Dataset section:
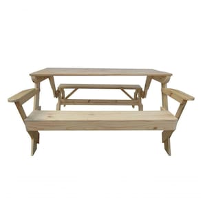 BANCO QUE VIRA MESA 1,5m PARA 06 PESSOAS COM TAMPO E ASSENTOS LISOS E BRAÇOS LATERAIS SEM VERNIZ
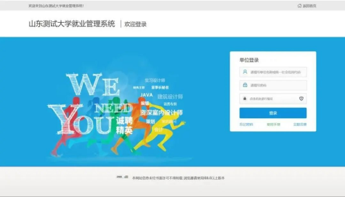 用人单位登录:就业网首页,点击单位登录,输入账户名、密码登录即可。
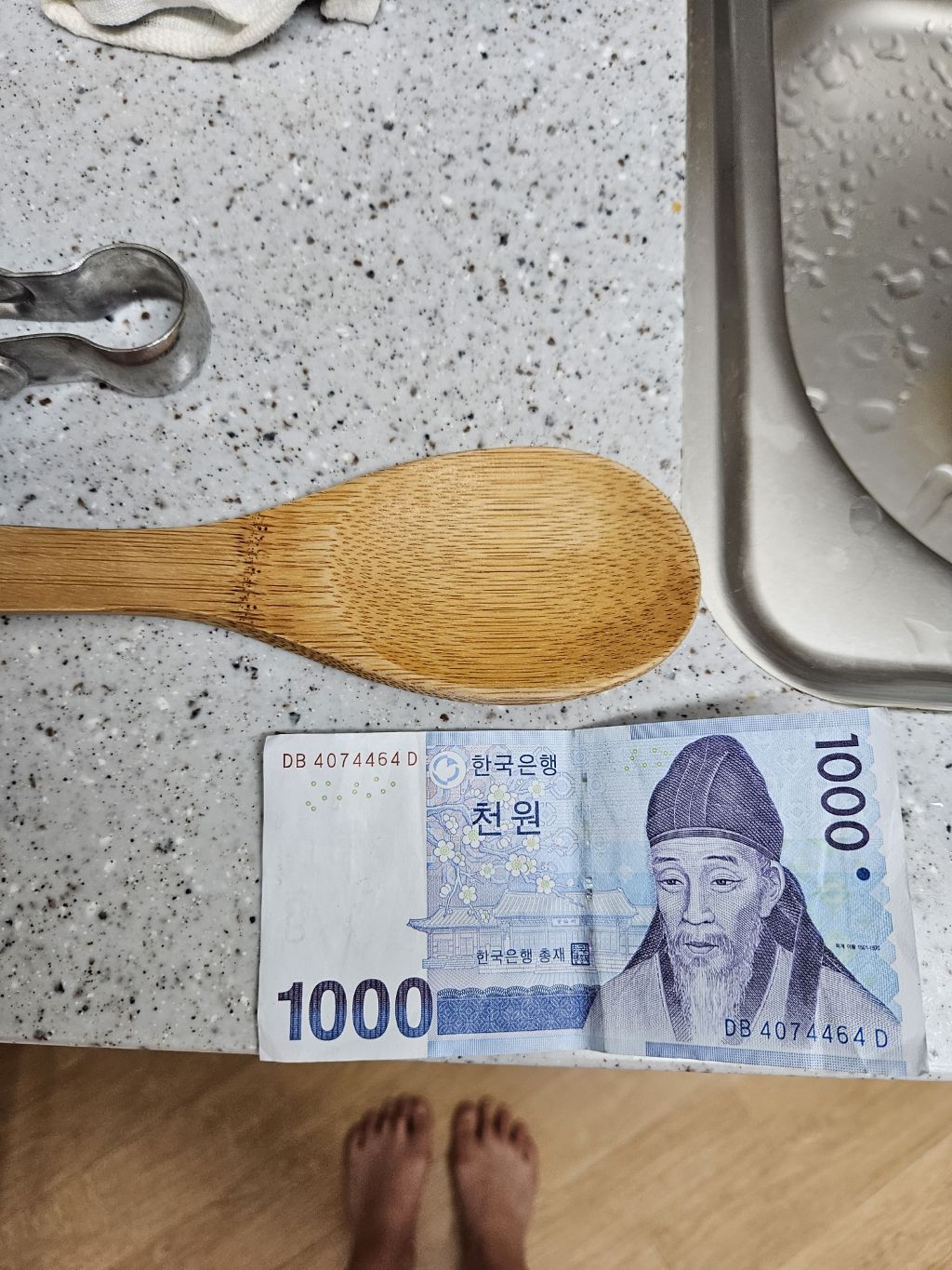 스푼은 이 스푼입니더.... 사이즈 보라고 부려부랴 천원꺼냄..
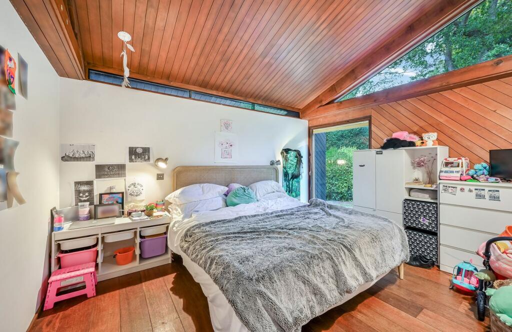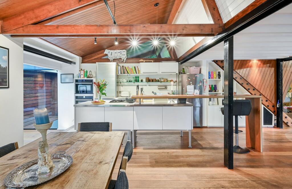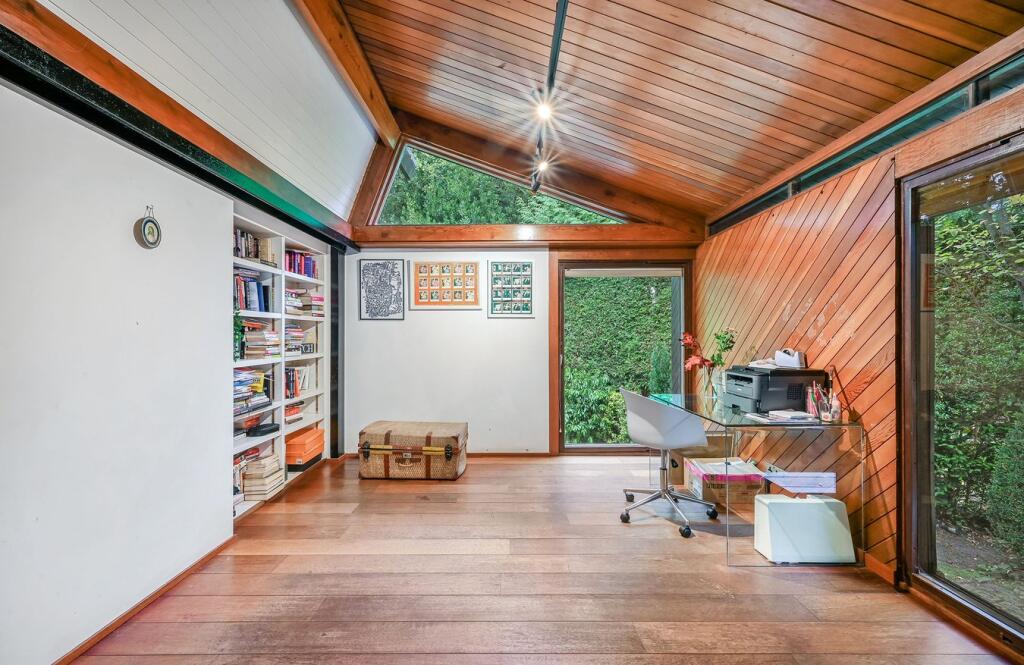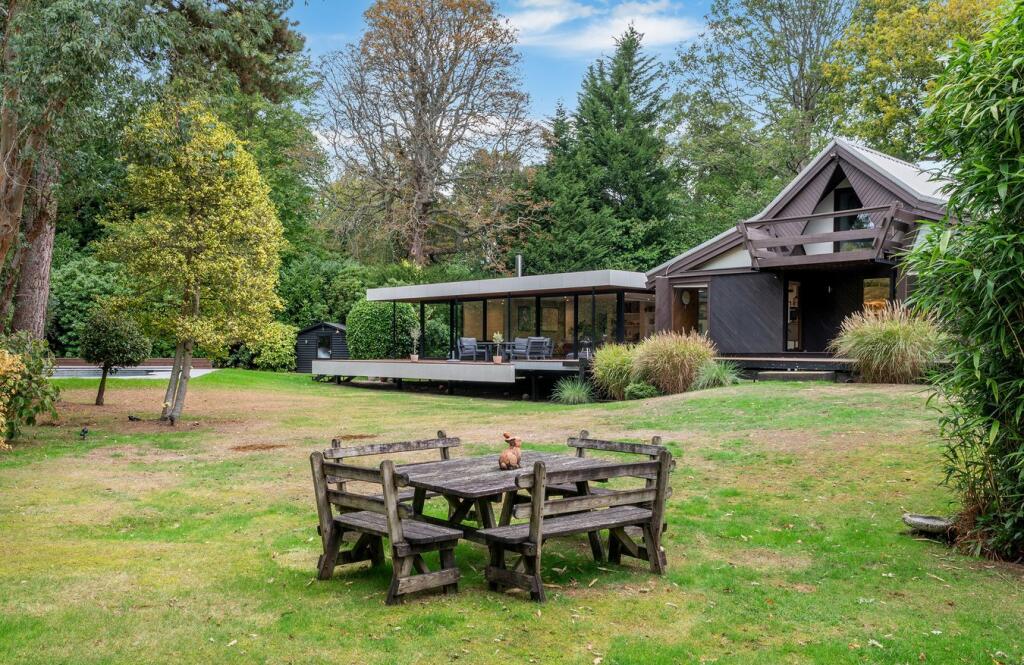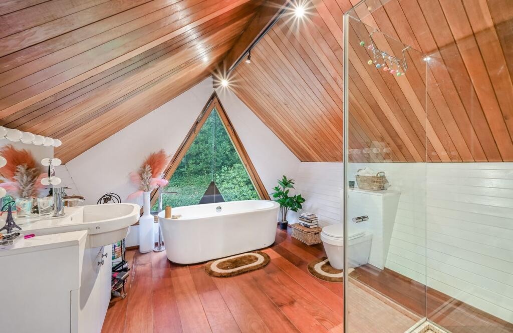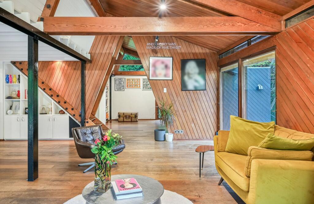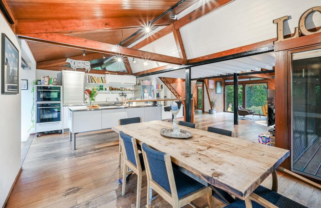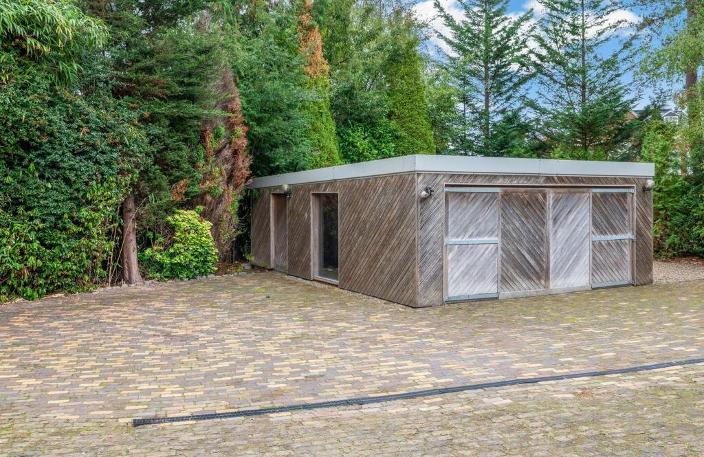 This detached property on Onslow Road, Burwood Park, offers a substantial family home with a large garden and swimming pool. The house has a unique architectural style with exposed beams and wood panelling, which may appeal to some buyers but could require modernisation for others. The property includes three bathrooms and three bedrooms, with a large plot size. The location is desirable, with good access to transportation and schools. While the property is in generally good condition, some aspects of the interior may benefit from updating. The asking price of £2,300,000 is slightly above the average price per square foot for the area, considering the condition and number of bedrooms.

Exercise aim: All of the data above should be printed again exactly, though none of the pictures belong in the copy.

Result for this task:
 BANCO QUE VIRA MESA 1,5m PARA 06 PESSOAS COM TAMPO E ASSENTOS LISOS E BRAÇOS LATERAIS SEM VERNIZ
 用人单位登录:就业网首页,点击单位登录,输入账户名、密码登录即可。
 스푼은 이 스푼입니더.... 사이즈 보라고 부려부랴 천원꺼냄..
 This detached property on Onslow Road, Burwood Park, offers a substantial family home with a large garden and swimming pool. The house has a unique architectural style with exposed beams and wood panelling, which may appeal to some buyers but could require modernisation for others. The property includes three bathrooms and three bedrooms, with a large plot size. The location is desirable, with good access to transportation and schools. While the property is in generally good condition, some aspects of the interior may benefit from updating. The asking price of £2,300,000 is slightly above the average price per square foot for the area, considering the condition and number of bedrooms.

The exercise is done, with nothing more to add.